Comparada con las otras grandes compañías de Silicon Valley, Uber quizás sea la de conductas más erráticas. Seguramente, su destino de dominio no alcance tanto como el poder de Google, Facebook o Amazon. Pero nos permite ver cuatro problemas a los que las sociedades, la economía y la política se enfrentan con la llegada y el crecimiento de este tipo de empresas.
El primero se deriva de la tecnología, pero tiene impacto en toda la sociedad. Lo que nos venden como “economía colaborativa” en realidad son grandes empresas y plataformas que practican extractivismo de datos, evasión de impuestos y una forma monopólica de economías. Las plataformas, como monopolios modernos, están lejos de la “colaboración”. Al contrario, son empresas que concentran grandes mercados y generan desigualdad.
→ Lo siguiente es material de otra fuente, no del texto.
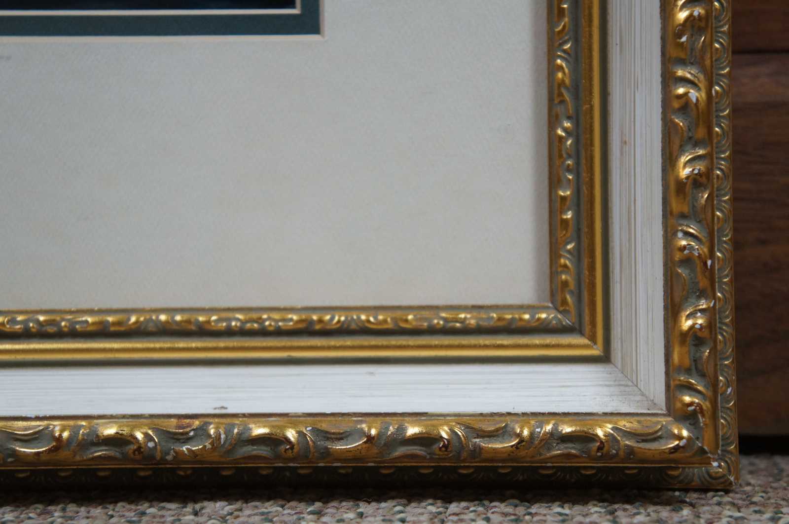 Framed vintage color photographic print of a white ketch or yawl type sailboat with red trim.

El segundo son los cambios que tienen sobre el empleo, en un momento de la historia donde además estamos viviendo una transformación de este factor, flexibilización y el temor frente a la amenaza de los “trabajos del futuro”, la automatización o la robotización que nos dejarán sin nuestras “antiguas formas” de ganarnos la vida.
El tercero es el modelo financiero, cómo tributan y cómo estas empresas, aun cuando generan grandes ingresos, fugan dinero a paraísos fiscales a través de empresas offshore. Es decir, profundizan la desigualdad.
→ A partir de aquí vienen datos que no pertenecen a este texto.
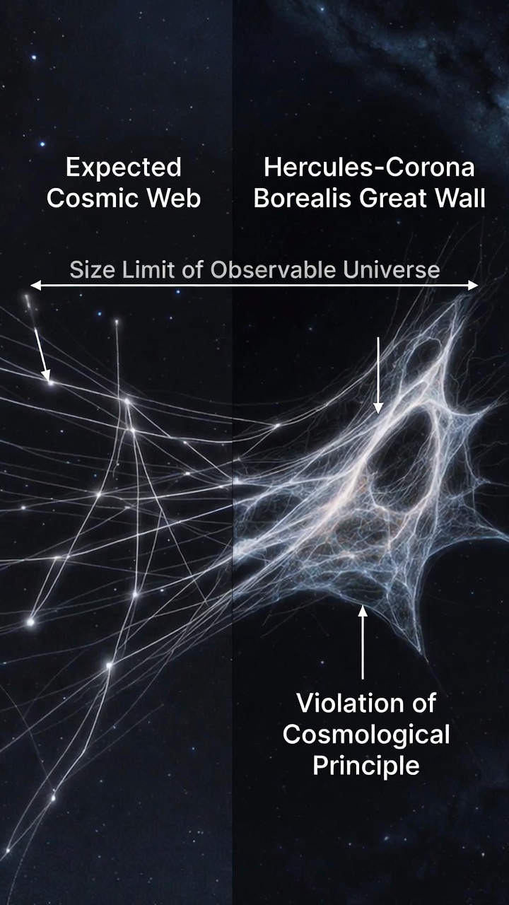 This wall—10–15 times larger violates that limit, implying extreme deviations or rare fluctuations. If real, it questions how matter clumped so massively post-Big Bang, perhaps requiring tweaks to dark matter, inflation, or gravity models.

El cuarto, y quizá el más importante, es cómo estas plataformas jaquean a la política y al rol del Estado. Los funcionarios y gobiernos no sólo se enfrentan a nuevas cuestiones regulatorias que tienen que resolver con creatividad, sino que tienen que hacerlo desde un poder estatal desacreditado frente a las grandes inversiones de marketing de las plataformas.
Es más lo que los Estados no se están poniendo a pensar (o a defender) sobre la tecnología que lo que las empresas privadas “hacen mal”. Está visto que las empresas (en el caso de Uber, muy claramente) sólo avanzan allí donde el Estado no pone límites.
Cómo se resuelva este tema también tiene que ver con la política del futuro. Demostrará si las redes también van a ser una forma de organización o sólo serán un medio de extracción de riqueza.
Las plataformas: ¿Colaboración o extracción?
Si las plataformas son las fábricas de la era de las redes, es lógico que su impacto sobre las relaciones laborales nos esté enfrentando a nuevas preguntas que los gobiernos, las empresas y los sindicatos tienen que resolver en el futuro cercano. Al ser globales y atravesar todo tipo de países –cada uno con sus regulaciones-, comprender su impacto y cómo regularlas hoy es fundamental en términos de distribución del ingreso, de justicia y de equidad.
El primer problema es que aun cuando las empresas de plataformas se llaman a sí mismas “economías colaborativas”, está claro que no lo son, sino que utilizan ese término como un marketing positivo. Las plataformas como Uber son, en realidad, compañías tradicionales que utilizan internet para intermediar y extraer las ganancias de muchos individuos conectados. No generan nada parecido a relaciones sociales de colaboración. Mientras respeten sus condiciones y ganancias, las personas pueden salir y entrar de una plataforma-negocio cuando quieran.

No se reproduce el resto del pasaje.